Yoga and running were both activities that, because I knew I was going to stick with them, I took the "slow and steady wins the race" approach. I started with a once per week beginning hot power yoga class. Even though I wanted to race to the top because it was something I felt my years of dance and background of martial arts made it possible for me to learn quickly, I forced myself to take my time. I didn't go daily. I let the next-day burn in my muscles simmer until I walked it off. I spent time trying to understand how each pose worked, how to modify as a beginner, and months later, I added a second hot yoga class each week.
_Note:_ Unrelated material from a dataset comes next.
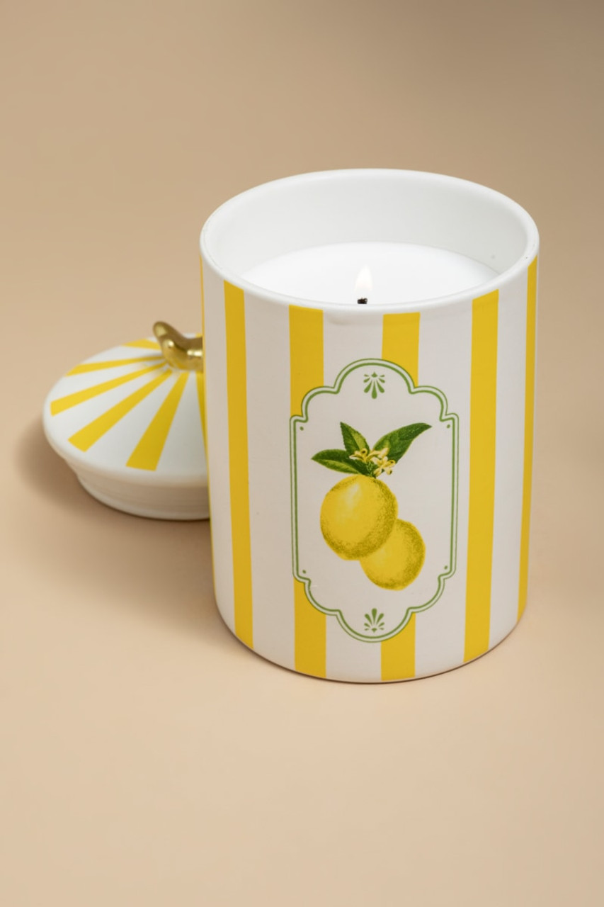 – Add some sweetness to your space with this cute lemon scented candle. Notes: tart citrus peel and fresh lemon wedges.

I added running to the mix a few months after I felt like I was getting the hang of yoga, and I started with a 3x/week walk/jog method that eventually turned into a slow run.
I wish I had a "before" photo for comparison. I have
come a long way in the three years I have been
practicing yoga.
Sakura Singlet and Mejiro Shorts by INKnBURN.
Despite knowing that this slow approach usually brings me to what I consider success in a new endeavor, I'd like to share two recent "I failed because I overdid it" examples: 1) I fell off the "Iron Strength for Runners" cliff (remember that post from months ago?); and 2) I didn't make it through my March core workout goal. Not even close. When both of these "oops, I fell off the wagon" examples happened, I felt more apathetic about my failures than I would expect. Considering how driven I normally feel when I set a goal for myself, I was kind of irritated by my own nonchalance. Especially because both goals were something I committed to as necessary cross-training for Ragnar and the potential triathlon I may do this year.

Delving deeper into this attitude, I realized something that seems rather obvious now: when I jump into a new activity full-force rather than taking my time, it is because my expectations are out of alignment with reality. I am expecting immediate results despite knowing that they are both rare and unsustainable without constant maintenance, and my practice is ego-driven rather than coming from a place of desiring true self-improvement. I want to look and feel the end result without committing to the good, bad, and ugly of the practice necessary to achieve the goal. When this is my mindset, I will inevitably fail.

True change takes time, commitment, character, and a letting go of the ego that often drives us. With this in mind, I realize now that the only way to become stronger is to start over. Rather than doing the full 60-minute Iron Strength workout or the daily core strengthening workout, I need to back off and start slow.

"When ego is lost, limit is lost. You become infinite, kind, beautiful."
                        - Yogi Bhajan
New goals:

  1. Iron Strength workout for 20 minutes once per week until it becomes habit, then slowly increase.
  2. Forget about adding a separate core workout for now. Cover that workout with yoga practice and Iron Strength instead.

1 comment:

  1. "when I jump into a new activity full-force rather than taking my time, it is because my expectations are out of alignment with reality. I am expecting immediate results despite knowing that they are both rare and unsustainable without constant maintenance, and my practice is ego-driven rather than coming from a place of desiring true self-improvement. I want to look and feel the end result without committing to the good, bad, and ugly of the practice necessary to achieve the goal. When this is my mindset, I will inevitably fail."

    That's the most insightful thing I've read all day. Awesome. Good luck with your revised goals!